通過將 x 軸劃分為多個箱並計算每個箱中的觀測值數量，可視化單個連續變量的分布。直方圖 (geom_histogram()) 用條形顯示計數；頻率多邊形 (geom_freqpoly()) 用線條顯示計數。當您想要比較分類變量各個級別的分布時，頻率多邊形更合適。

用法

geom_freqpoly(
  mapping = NULL,
  data = NULL,
  stat = "bin",
  position = "identity",
  ...,
  na.rm = FALSE,
  show.legend = NA,
  inherit.aes = TRUE
)

geom_histogram(
  mapping = NULL,
  data = NULL,
  stat = "bin",
  position = "stack",
  ...,
  binwidth = NULL,
  bins = NULL,
  na.rm = FALSE,
  orientation = NA,
  show.legend = NA,
  inherit.aes = TRUE
)

stat_bin(
  mapping = NULL,
  data = NULL,
  geom = "bar",
  position = "stack",
  ...,
  binwidth = NULL,
  bins = NULL,
  center = NULL,
  boundary = NULL,
  breaks = NULL,
  closed = c("right", "left"),
  pad = FALSE,
  na.rm = FALSE,
  orientation = NA,
  show.legend = NA,
  inherit.aes = TRUE
)

參數

mapping

由 aes() 創建的一組美學映射。如果指定且inherit.aes = TRUE(默認)，它將與繪圖頂層的默認映射組合。如果沒有繪圖映射，則必須提供mapping。

data

該層要顯示的數據。有以下三種選擇：

如果默認為 NULL ，則數據繼承自 ggplot() 調用中指定的繪圖數據。

data.frame 或其他對象將覆蓋繪圖數據。所有對象都將被強化以生成 DataFrame 。請參閱fortify() 將為其創建變量。

將使用單個參數(繪圖數據)調用function。
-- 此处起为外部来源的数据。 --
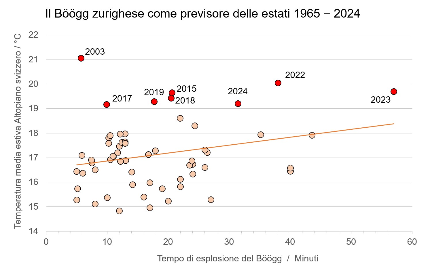 “Prima della seconda estate più calda del 2022, il Böögg esplose dopo quasi 40 minuti. Prima della terza e quarta più calde del 2018 e del 2015, il tempo di combustione fu tra i 20 e i 21 minuti. In questi tre anni, il Böögg fu un pessimo previsore. Anche nel 2019, con la quinta estate più calda mai registrata, non diede una previsione accurata, bruciando per poco meno di 18 minuti.”

返回值必須是 data.frame ，並將用作圖層數據。可以從 formula 創建 function (例如 ~ head(.x, 10) )。

position

位置調整，可以是命名調整的字符串(例如 "jitter" 使用 position_jitter )，也可以是調用位置調整函數的結果。如果需要更改調整設置，請使用後者。

...

其他參數傳遞給 layer() 。這些通常是美學，用於將美學設置為固定值，例如 colour = "red" 或 size = 3 。它們也可能是配對的 geom/stat 的參數。

na.rm

如果 FALSE ，則默認缺失值將被刪除並帶有警告。如果 TRUE ，缺失值將被靜默刪除。

show.legend

合乎邏輯的。該層是否應該包含在圖例中？ NA(默認值)包括是否映射了任何美學。 FALSE 從不包含，而 TRUE 始終包含。它也可以是一個命名的邏輯向量，以精細地選擇要顯示的美學。

inherit.aes

如果 FALSE ，則覆蓋默認美學，而不是與它們組合。這對於定義數據和美觀的輔助函數最有用，並且不應繼承默認繪圖規範的行為，例如borders() 。

binwidth

箱子的寬度。可以指定為數值或根據未縮放的 x 計算寬度的函數。這裏，"unscaled x" 指的是應用任何尺度變換之前數據中的原始 x 值。當指定函數和分組結構時，每個組將調用該函數一次。默認是使用 bins 中的 bin 數量，覆蓋數據範圍。您應該始終覆蓋此值，探索多個寬度以找到最能說明數據中的故事的寬度。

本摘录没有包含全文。